Quarterly breakfast focuses on building career-growth strategies
Even in the 21st century, this is still true: Women start losing ground on promotions as soon as they enter the workforce.
Naveen Jindal School of Management alumnae are working to change that reality. Now meeting quarterly, women with careers as diverse as financial planning and commercial construction gather to compare professional hurdles and trade Linked In profiles.
According to the 2017 Women in the Workplace report by McKinsey & Co. and the Lean In Foundation, women lose ground with the first round of promotions. In entry-level positions, the ratio of men to women is 52 percent to 48 percent. Just one step up, at the manager level, the percentage of women falls to 37 percent. The report notes “women of all levels are less likely to interact regularly with senior leaders.”
Tina Hoang BS’09, a financial adviser with Northwestern Mutual, offered one of her strategies at the most recent alumnae breakfast – don’t volunteer to help with events all the time, like many women do. “Ask for projects that accelerate your career,” she said. To that end, she said she delegates all her “non-business generating tasks.”
One speaker at the August networking breakfast was Angelica Barriga BS’03 MBA’08, solutions management lead at Google, based in Dallas. She talked about her life’s journey that included helping her immigrant parents as a translator from a very young age. “It taught me that it was OK to ask for help,” Barriga said. One of her fondest memories, based on her professional success, is a personal experience – taking her mother to Florida so her mother could see an ocean for the very first time.
Also still true: Women aren’t as effective at networking as men nor are their networks as robust as their male colleagues.
“Even though women are generally strong collaborators and communicators, they tend to have fewer business-related connections than men do. In addition, (women’s) social connections tend to be divided into personal and work, with less overlap than (men),” says Shama Hyder, in Inc.
Barriga encouraged women to continue to attend the quarterly Jindal School alumnae breakfasts. She said she “values mentorships and offering guidance to others” as a way to give back, remembering how much “other people gave back to me.”
Staying connected to UT Dallas has had significant career impact for alumna Rebecca Noah Poynter BA’86, who, with her husband, started OnPoynt Aerial Solutions. OnPoynt recently won the UT Design Startup Challenge as a “high-potential startup for its drone racing and gaming system.”
“We got the big check” at the competition, Poynter said, noting its total value was $20,000 for a product idea related to drone racing. Poynter was one of the breakfast speakers, and talked about how the University’s entrepreneurship programs had helped OnPoynt grown its business since its inception in 2012.
That assistance has been in everything from a dedicated student capstone team to help developing a new product as well as marketing advice. And, since Poynter is a UT Dallas alum, it’s been free.

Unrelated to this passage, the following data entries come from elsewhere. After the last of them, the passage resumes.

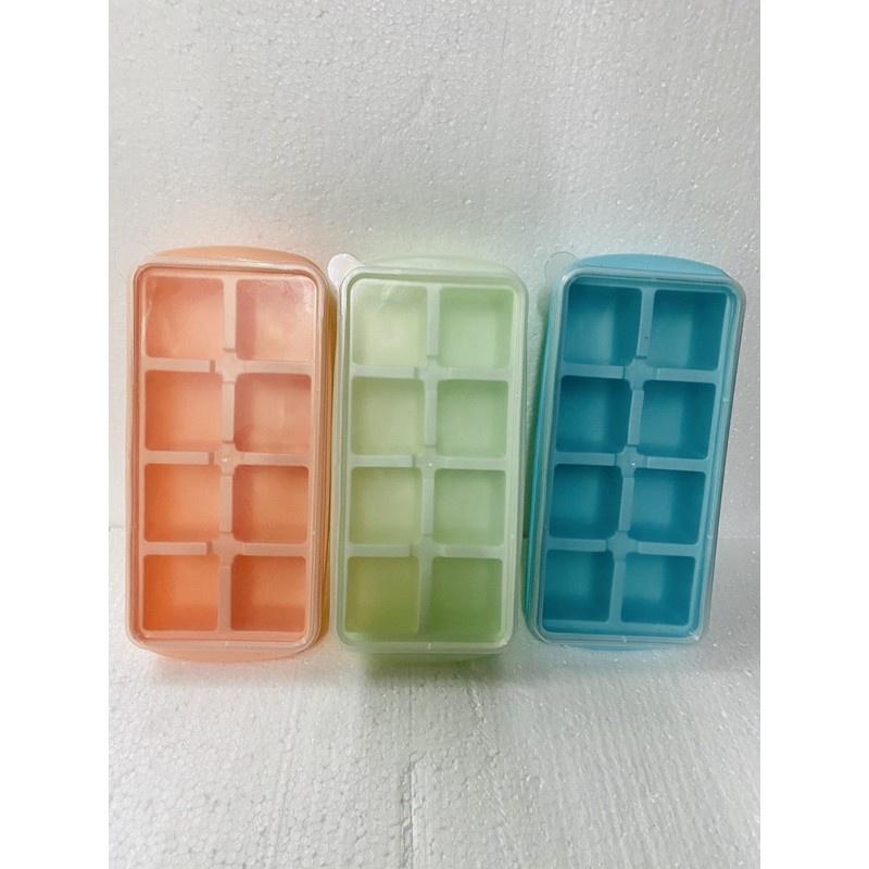 khay đá nhựa dẻo cao cấp,khay chia đồ ăn 8 viên có nắp đậy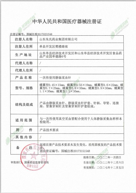 | 產品用途 | 與一次性使用真空采血管配合使用于人體靜脈采集血樣樣本檢驗用。 |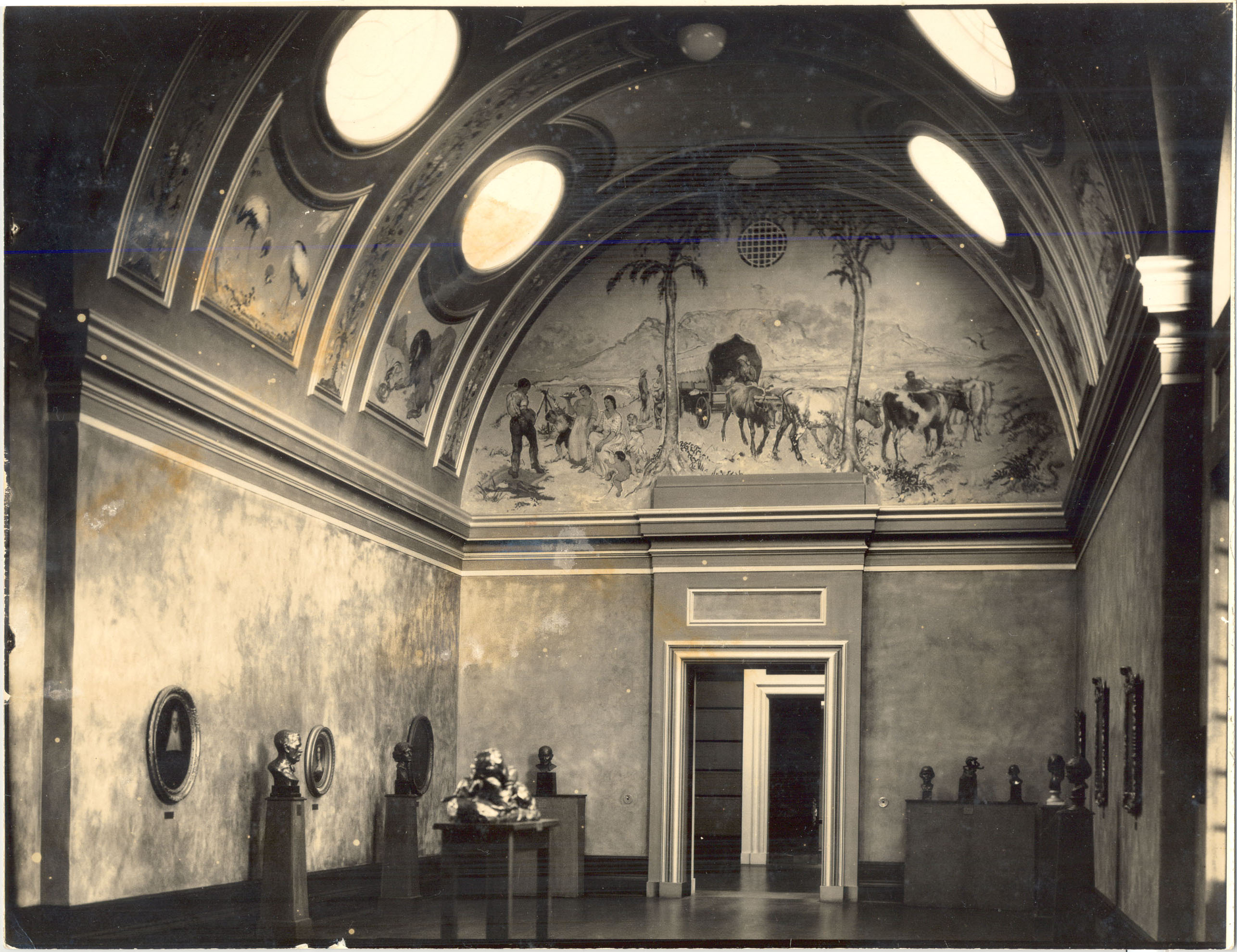 Black and white photograph of the interior of a vaulted room including an exhibition of busts, decorated ceiling and statues along the interior wall of the room.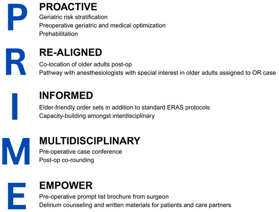 The Older Adults Surgery and Oncology Program at St. Michael’s Hospital established a whole pathway perioperative geriatrics strategy, PRIME (see Figure 1). The strategy integrates geriatric principles and embeds clinicians with geriatrics expertise into the care pathway of older adults undergoing surgery from preoperative through to postoperative care. All patients aged 70 years and older received the PRIME strategy. The details of the care pathway are provided below in accordance with the Template for Intervention Description and Replication (TIDieR) guidelines [16].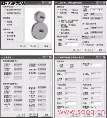 齿轮传动是机械传动中最主要的一类,型式很多,应用广泛,齿轮设计在机械设计中占据着相当重要的地位,但它的设计步骤多、涉及参数多,需查询的图表总数有二十多个,给设计工作者带来很多的不便,降低了设计效率。随着计算机辅助设计与制造(CAD/CAM)技术的发展,在产品开发的过程中,有限元分析、装配设计、运动仿真、数控加工等都必须以三维模型为基础。在进行齿轮机构设计时,经常需要利用CAD技术设计并建立齿轮的三维实体模型,从而利用CAD/CAM软件进行装配、检测和分析。目前国内外常用的CAD/CAM软件,如美国EDS公司的UG和 Solid Edge, PTC (Parametric Technology Corporation)公司的Pro/Engineer, CNC Software Inc.的MasterCAM等三维CAD/CAM软件都无法直接进行齿轮的设计[1>[2>。为此我们提出了将齿轮的设计计算和三维实体模型设计融为一体的设计方法,并设计了基于三维CAD软件Solid Edge[2>的齿轮三维设计软件系统。该软件系统不仅可以方便地设计并生成齿轮的三维实体模型,还可用于齿轮装配设计、运动仿真及计算机辅助教学中。 1. 齿轮三维设计软件系统的构成 1.1软件系统的设计思想 我们在构建齿轮三维设计软件系统时,主要考虑了以下几个方面的问题:①在三维环境中进行齿轮设计,主要有两种情况:一是根据使用要求,逐步进行设计计算,设计出齿轮的参数后再进行齿轮的三维设计;二是已经知道齿轮的基本参数,如齿数、模数等,利用三维CAD软件直接构建齿轮的三维模型。这两种情况在构建齿轮三维设计软件系统时,必须要都能满足。②在构建齿轮三维设计软件系统时,必须仔细分析齿轮的设计过程,提取其合理的设计流程。只有建立在合理的设计流程基础上的齿轮设计系统,才可能较好地满足用户的要求,只注重理论研究而忽视工程实践的做法是不可取的。为此我们设计的齿轮软件系统是按齿轮的设计流程分模块设计的。③三维CAD软件Solid Edge虽然具有较强的参数化特征造型功能,但不能生成需要经过精确计算的齿轮廓线。为此我们将复杂的齿轮设计计算交给Visual Basic程序完成,将齿轮的结构设计交给Solid Edge来完成,通过Solid Edge的二次开发接口用Visual Basic程序将两者有机地结合在一起,形成一个完整的齿轮三维设计系统。 1.2齿轮的设计计算 该部分主要根据文献[3>的齿轮设计步骤来进行设计。设计中,可以根据齿轮的工作要求、工作环境来选择齿轮的类型、材料、精度等级等,按照保证齿面接触强度和齿根弯曲强度两准则[3>进行计算,设计出齿轮的基本参数如模数m、齿数z等。其具体设计计算方法可参考文献[3>,本文不再赘述。本软件系统采用了向导型设计界面,使用方便、清晰。如图1为几个设计界面。
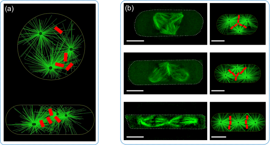 图3:四面受限的力学环境改变细胞形状,进而调控纺锤体的劈裂与合并行为。(a)计算模拟四面受限的力学环境调控纺锤体的劈裂与合并行为。(b)不同受限程度的三极纺锤体构型的实验结果(左)和计算模拟(右)对比。比例尺为10微米。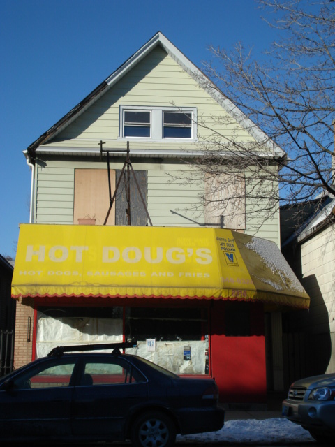 The mixed use building at 2314 W. Roscoe used to house Hot Doug's until a fire broke out, and Corny's Hot Dog's before that. An apartment is located behind and above the hot dog stand. Hot Doug's relocated to 3324 N. California, but the building has stood vacant since April 2004.

Olia Bosovik BS’12 MBA’15, a development director for Jindal School, where she received her undergrad degree in finance as well as her MBA, said women often don’t realize the power they have in their own networks. “We talk about all these great women we know and sometimes, as women, we forget to introduce people to each other.
“Everyone should be eating breakfast,” said Bosovik, who organizes these events. “So this is a way to sneak in a high quality networking opportunity early in the day for great women who might not know each other.”
Anjie Vichayanonda BS’08, an associate with Haynes and Boone in Dallas, was one of the attendees. She mentioned she was sponsoring an upcoming Dinner with 12 and asked if anyone would like to help her. Hoang quickly volunteered. The women had met only casually prior to the breakfast. Now the lawyer and the financial planner will be hosting a dinner for 12 Jindal School undergraduate students. Each of those students is getting ready to step into their own careers. It was a networking moment at its finest.